Requirement => What is needed is an exact copy of the whole listing below, with no pictures.

── Dataset section

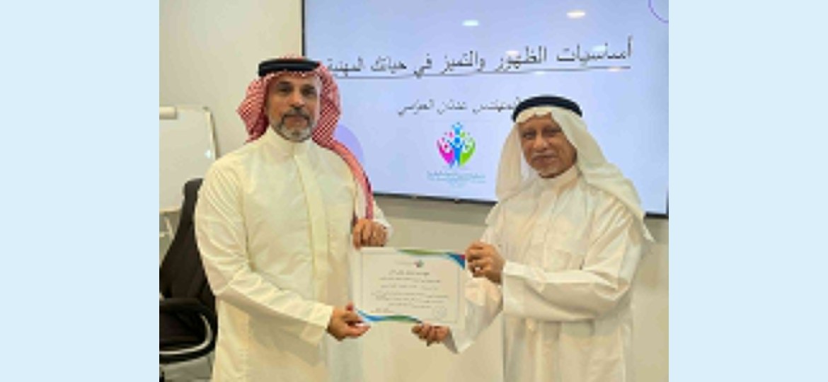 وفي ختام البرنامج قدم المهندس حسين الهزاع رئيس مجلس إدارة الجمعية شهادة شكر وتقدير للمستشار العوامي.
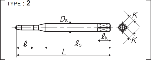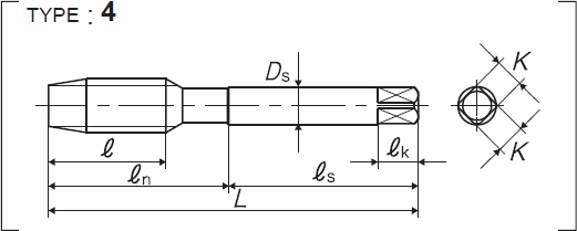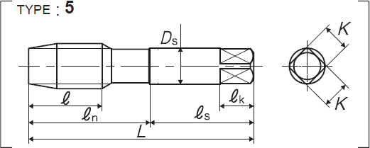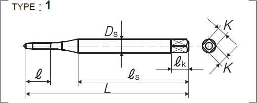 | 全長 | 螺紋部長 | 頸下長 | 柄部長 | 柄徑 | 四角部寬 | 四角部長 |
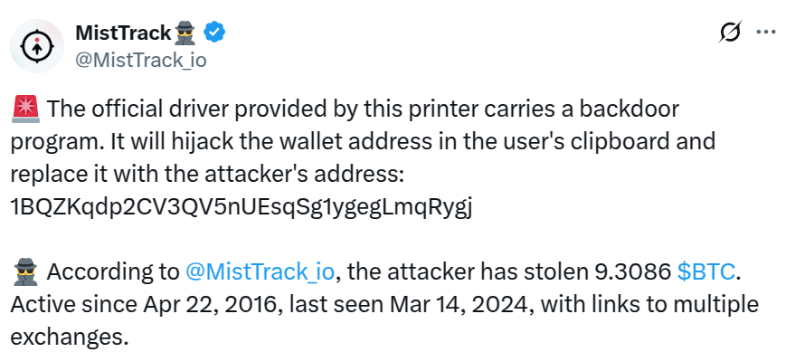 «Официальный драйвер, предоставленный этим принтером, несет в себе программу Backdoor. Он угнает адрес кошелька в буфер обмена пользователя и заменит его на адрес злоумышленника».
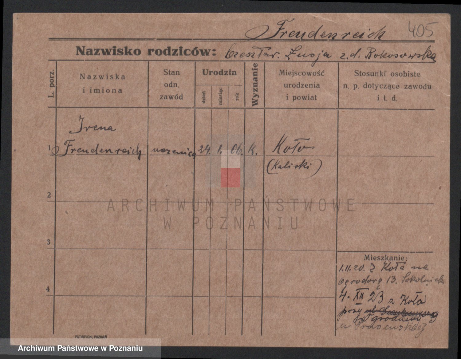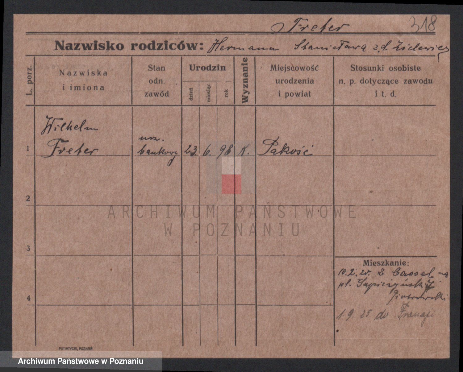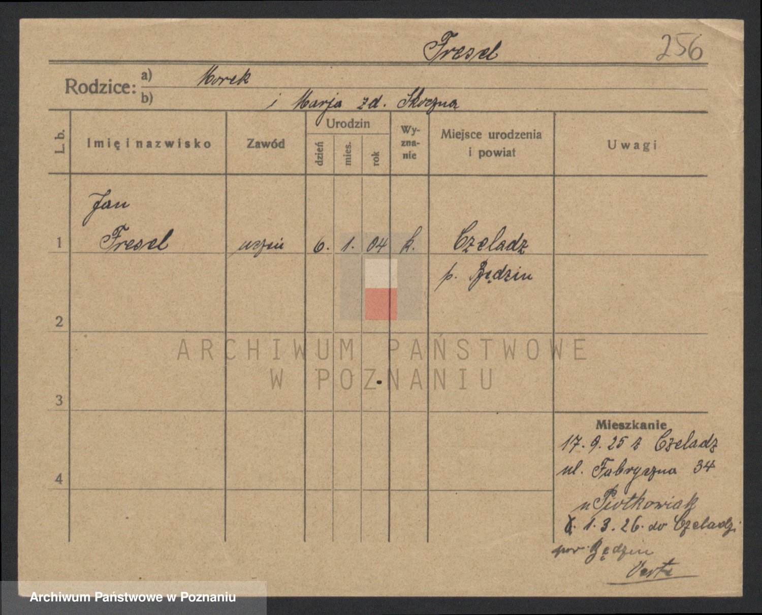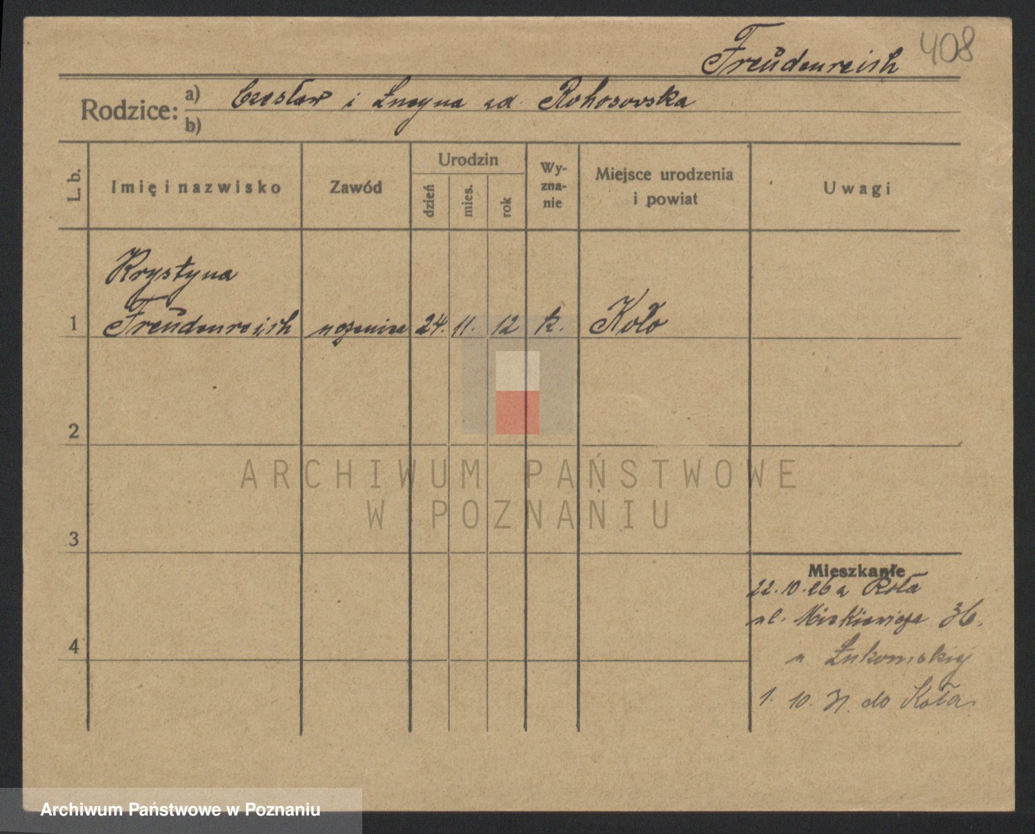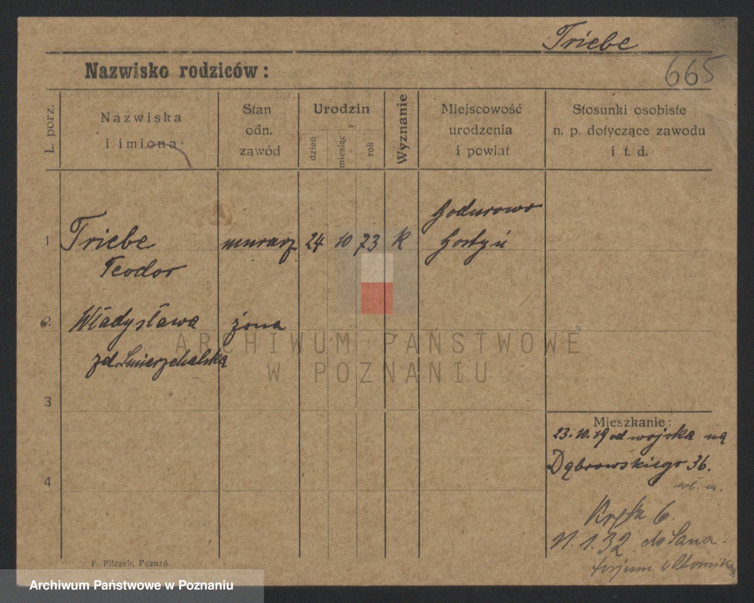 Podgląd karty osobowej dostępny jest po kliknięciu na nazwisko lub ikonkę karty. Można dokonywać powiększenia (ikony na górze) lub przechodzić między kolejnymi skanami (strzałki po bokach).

────

Reply to the exercise =>
 وفي ختام البرنامج قدم المهندس حسين الهزاع رئيس مجلس إدارة الجمعية شهادة شكر وتقدير للمستشار العوامي.
 | 全長 | 螺紋部長 | 頸下長 | 柄部長 | 柄徑 | 四角部寬 | 四角部長 |
 «Официальный драйвер, предоставленный этим принтером, несет в себе программу Backdoor. Он угнает адрес кошелька в буфер обмена пользователя и заменит его на адрес злоумышленника».
 Podgląd karty osobowej dostępny jest po kliknięciu na nazwisko lub ikonkę karty. Można dokonywać powiększenia (ikony na górze) lub przechodzić między kolejnymi skanami (strzałki po bokach).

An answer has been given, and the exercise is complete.